Dear Madam,
The lifetime of the Indian Arbitration and Conciliation Act, 1996, has seen a deflection in the attitude of the Indian judiciary from general abstinence, to intervening in arbitration processes, even in cases which take place outside India. This has given a voice to many naysayers who have been critical of the act and its implementation by the Indian courts.
As mentioned in the article Settling for less?, in the June issue of India Business Law Journal, the judgments of the Indian Supreme Court in the cases of Bhatia International and Venture Global, by respectively holding that an Indian court has the jurisdiction to (a) pass interim orders on matters which are subject to international commercial arbitration outside India, and (b) set aside awards made in arbitrations conducted outside India, have certainly invited criticism. However, it is worthwhile to remember that, in both these much discussed judgments the Supreme Court specifically opined that interference of this nature by Indian courts in international commercial arbitration outside India would not be possible if parties by agreement, express or implied, exclude the application of part I of the act from such proceedings.

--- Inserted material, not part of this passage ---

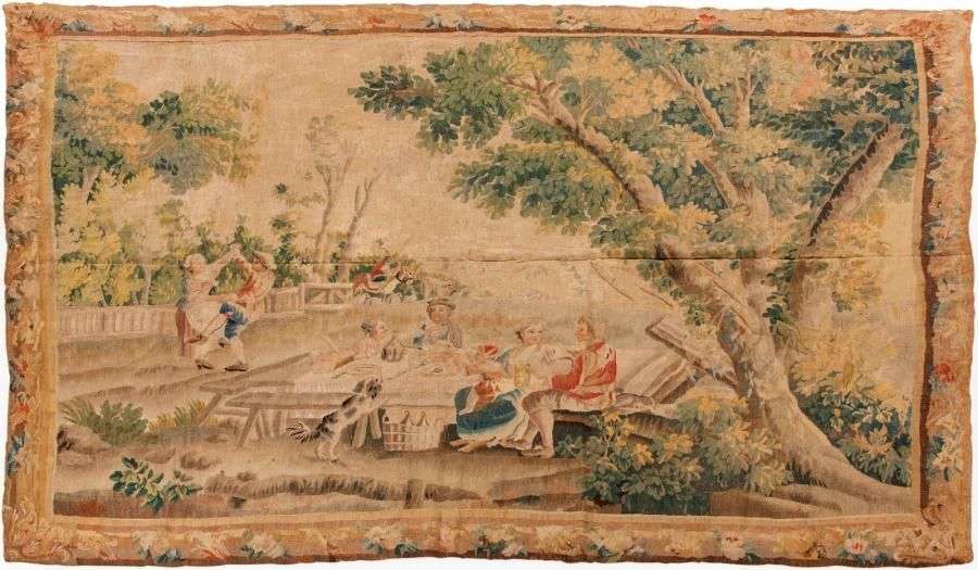 Tapisserie d'Aubusson en laine et soie représentant "Le déjeuner champêtre

Moreover, recent judicial trends as evidenced in the judgments of Delhi High Court in cases like Max India Limited v General Binding Corporation and DGS Realtors Pvt Ltd v Realogy Corporation, have indicated that the courts, even in the absence of clauses specifically excluding the application of part I of the act, have given weight to the real intention of the parties and declined to interfere in matters which fall within the realm of international commercial arbitration.